How to Compare Two Tables in SQL

Comparing data across tables is a fundamental task in SQL. This article provides a comprehensive guide on how to compare and identify differences between two tables using SQL queries. We will explore various techniques, including using UNION ALL, JOIN, and EXCEPT (or MINUS in some databases).

Understanding the Problem

Comparing two tables involves identifying rows that exist in one table but not the other, as well as finding rows that are present in both tables but have different values in specific columns. This is crucial for data validation, synchronization, and auditing purposes.

Methods for Comparing Tables

Using UNION ALL and GROUP BY

This method leverages the UNION ALL operator to combine the data from both tables and then uses GROUP BY and HAVING to identify discrepancies.
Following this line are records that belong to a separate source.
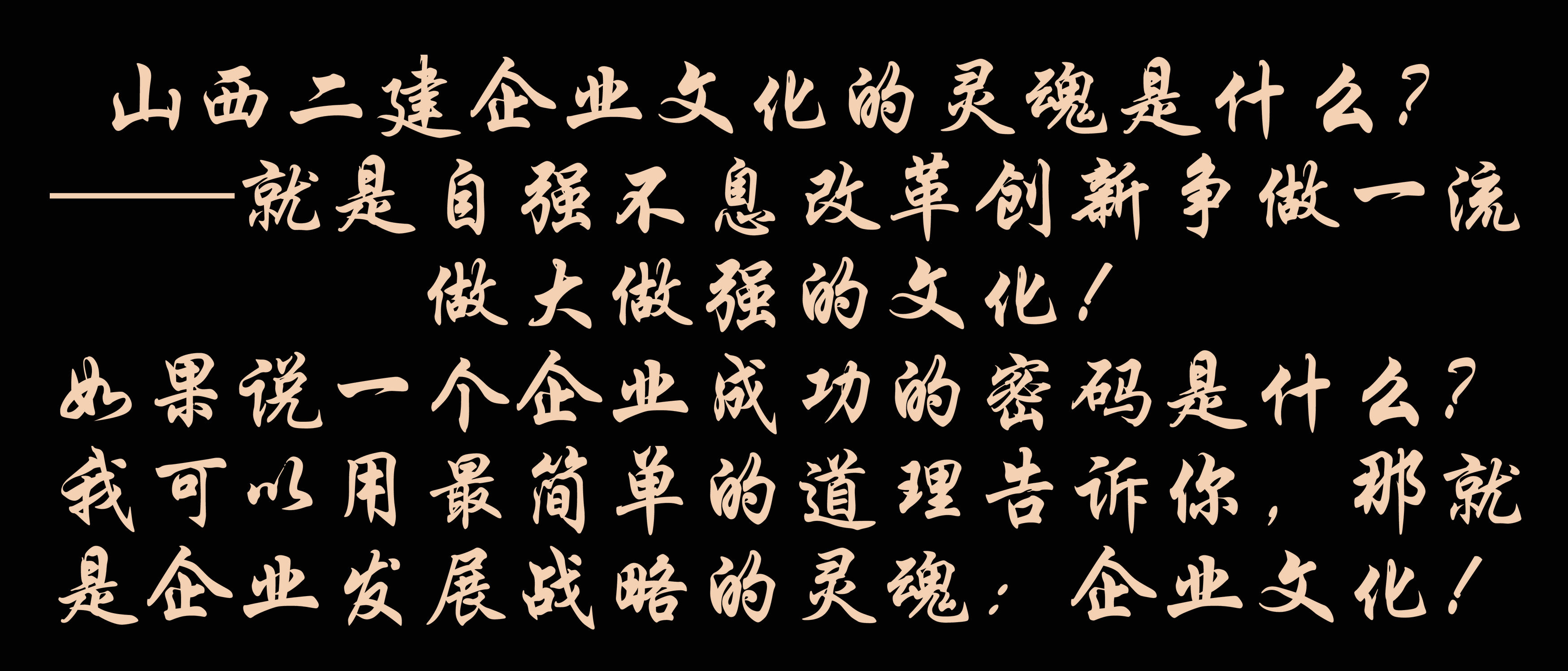 山西二建企业文化的灵魂是什么?——就是自强不息改革创新争做一流做大做强的文化!
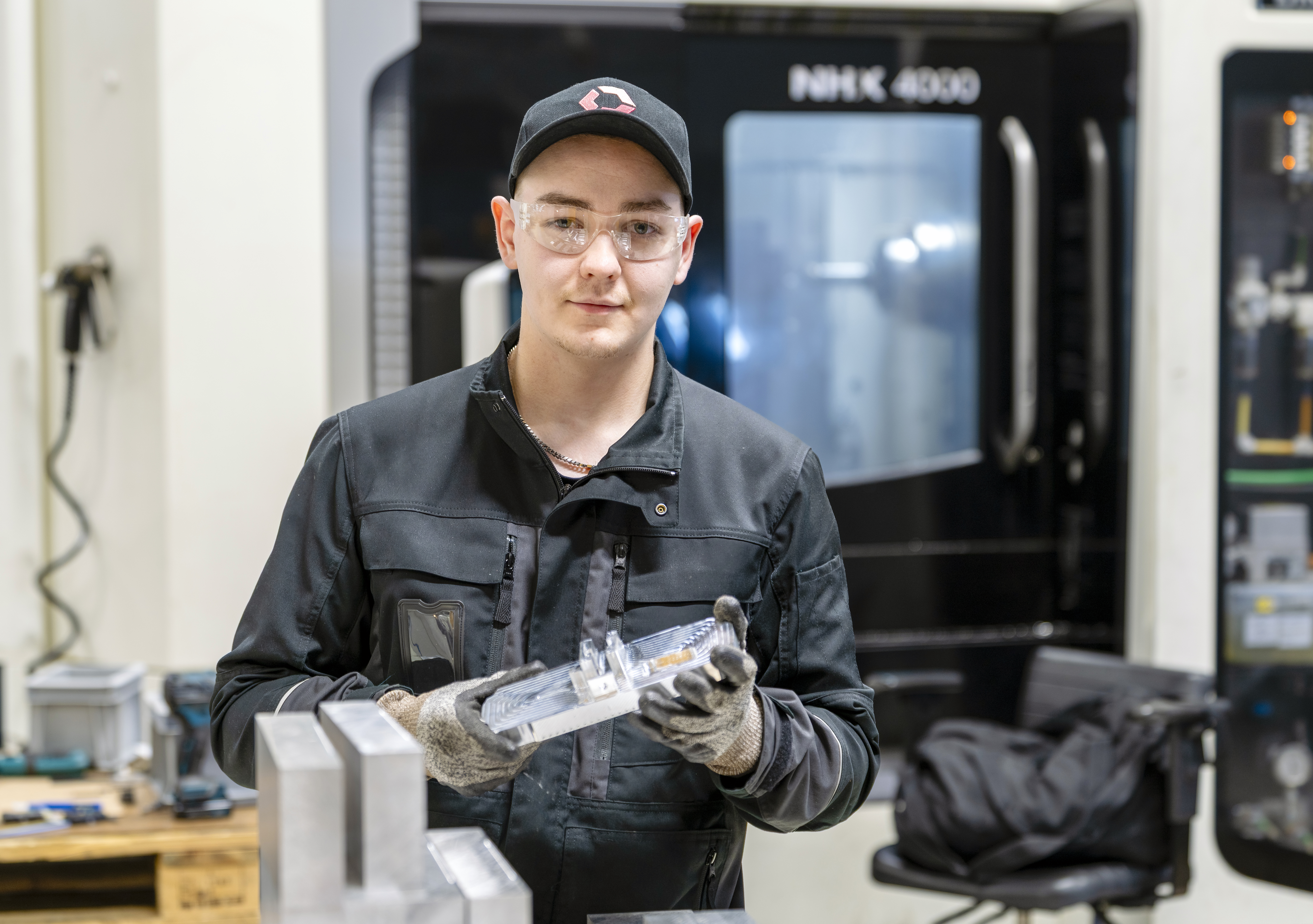 Hyvä koneistaja on tarkka ja huolellinen. Näin sanoo OSAOssa ripeästi ammatin opiskellut Eemil Palosaari. Halu tehdä konkreettista työtä ja nähdä oman osaamisen jälki sai valitsemaan kone- ja tuotantotekniikan. ”Kävi hieman tuurikin. Hoidin asiat hyvin ja työllistyin heti”, hän sanoo.
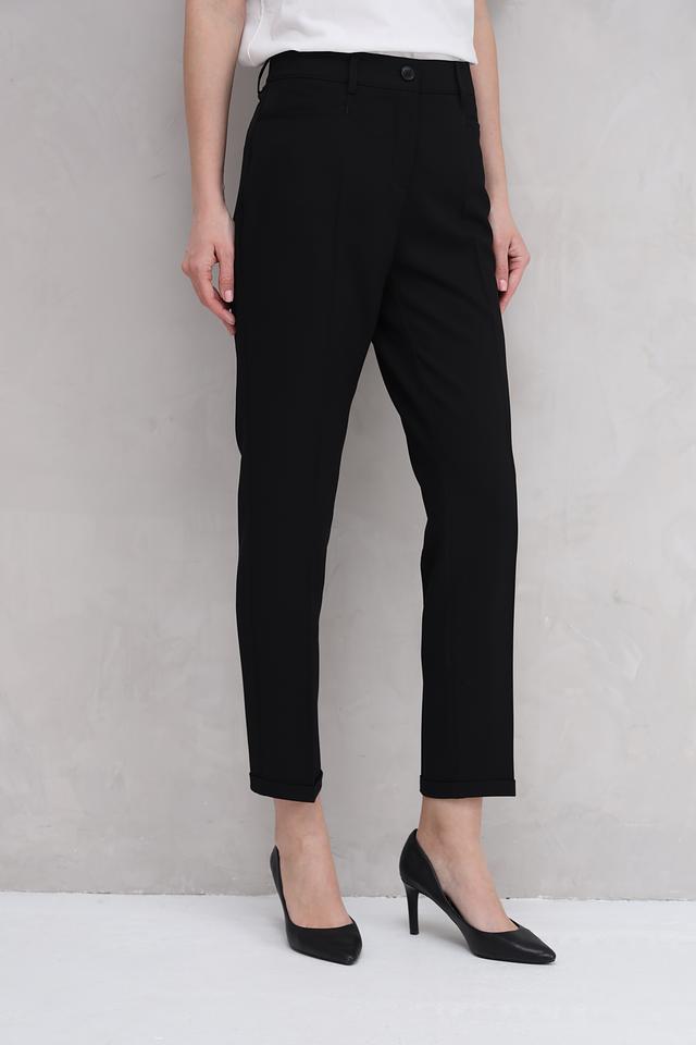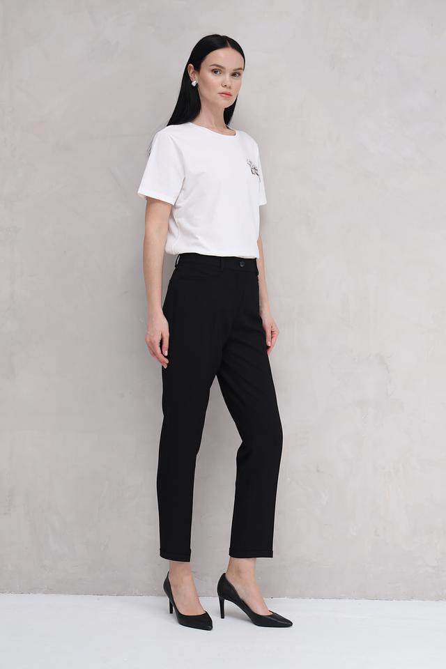 Брюки имеют высокую посадку, прямой крой и слегка зауженный силуэт к низу, что обеспечивает комфортную посадку и визуально удлиняет ноги. На поясе предусмотрена аккуратная застёжка на пуговицу и молнию. Брюки дополнены небольшими складками спереди, придающими им более элегантный вид.
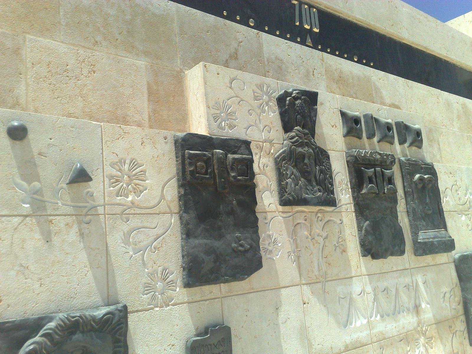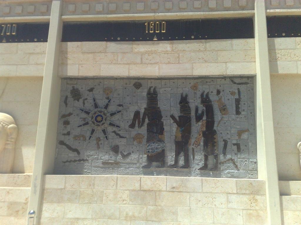 This monumental wall installation is a chronological visual narrative representing the evolution of human civilizations. Constructed from stone and adorned with intricate sculptures and reliefs, it features symbolic depictions of different historical eras—ranging from ancient Mesopotamian and Egyptian civilizations to classical antiquity and beyond. The timeline is marked with years and supported by detailed artwork, combining cultural motifs and artistic elements that reflect humanity’s journey through time.

Combine Data: UNION ALL combines all rows from both tables into a single result set. Duplicate rows are not eliminated.
Group and Count: GROUP BY groups the rows based on all columns you want to compare. COUNT(*) counts the occurrences of each unique combination of values.
Filter Discrepancies: The HAVING clause filters the grouped results, keeping only those groups where COUNT(*) is equal to 1. This indicates that the row exists in only one of the two tables.
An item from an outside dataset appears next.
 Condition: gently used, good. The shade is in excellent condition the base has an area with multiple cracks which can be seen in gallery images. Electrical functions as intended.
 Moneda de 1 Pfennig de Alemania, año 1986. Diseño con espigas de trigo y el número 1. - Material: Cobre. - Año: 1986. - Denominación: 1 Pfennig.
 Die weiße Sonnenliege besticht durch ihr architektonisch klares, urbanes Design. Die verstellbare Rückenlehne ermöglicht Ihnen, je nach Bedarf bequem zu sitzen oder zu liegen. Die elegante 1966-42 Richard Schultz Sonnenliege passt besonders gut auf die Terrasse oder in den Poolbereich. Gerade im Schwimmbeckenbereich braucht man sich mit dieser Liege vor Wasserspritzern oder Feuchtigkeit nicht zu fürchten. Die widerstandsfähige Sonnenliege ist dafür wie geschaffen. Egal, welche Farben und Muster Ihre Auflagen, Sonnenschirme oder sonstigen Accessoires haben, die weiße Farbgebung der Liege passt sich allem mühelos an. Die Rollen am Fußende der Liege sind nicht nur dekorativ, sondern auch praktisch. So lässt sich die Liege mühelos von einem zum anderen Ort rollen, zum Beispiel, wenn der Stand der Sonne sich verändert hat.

Example: Let’s say we have two tables, employees1 and employees2, with columns id, name, and salary.

SELECT id, name, salary
FROM (
    SELECT id, name, salary FROM employees1
    UNION ALL
    SELECT id, name, salary FROM employees2
) AS combined_employees
GROUP BY id, name, salary
HAVING COUNT(*) = 1;

This query returns rows that are present in either employees1 or employees2, but not both. It also highlights rows that exist in both tables but have differing values in any of the compared columns.

Using JOINs

JOIN clauses offer another approach for comparing tables. A FULL OUTER JOIN is particularly useful as it returns all rows from both tables.

Example: Using the same employees1 and employees2 tables:

SELECT 
    e1.id AS e1_id, e1.name AS e1_name, e1.salary AS e1_salary,
    e2.id AS e2_id, e2.name AS e2_name, e2.salary AS e2_salary
FROM employees1 e1
FULL OUTER JOIN employees2 e2 ON e1.id = e2.id
WHERE e1.id IS NULL OR e2.id IS NULL
   OR e1.name <> e2.name
   OR e1.salary <> e2.salary;

This query returns rows where the id is missing in one of the tables or where the name or salary values differ between matching ids. Replace FULL OUTER JOIN with LEFT JOIN or RIGHT JOIN to compare based on rows present in the left or right table respectively.

Using EXCEPT or MINUS

EXCEPT (in SQL Server) or MINUS (in Oracle and other databases) returns all rows in the first SELECT statement that are not present in the second SELECT statement.

Example:

-- SQL Server
SELECT id, name, salary FROM employees1
EXCEPT
SELECT id, name, salary FROM employees2;

-- Oracle
SELECT id, name, salary FROM employees1
MINUS
SELECT id, name, salary FROM employees2;

This returns rows that exist in employees1 but not in employees2. To find rows that exist in employees2 but not employees1, simply reverse the order of the SELECT statements. Note that EXCEPT and MINUS compare all selected columns for equality.

Choosing the Right Method

The optimal method depends on the specific comparison requirements:

UNION ALL with GROUP BY is versatile for finding all discrepancies.
JOINs provide more flexibility in handling matching and non-matching rows.
EXCEPT/MINUS is concise for finding rows unique to one table.

Conclusion

Comparing two tables in SQL is essential for data management. By understanding these techniques using UNION ALL, JOIN, and EXCEPT/MINUS, you can effectively identify and address data differences across your database tables. Selecting the appropriate method ensures efficient and accurate comparison results tailored to your specific needs.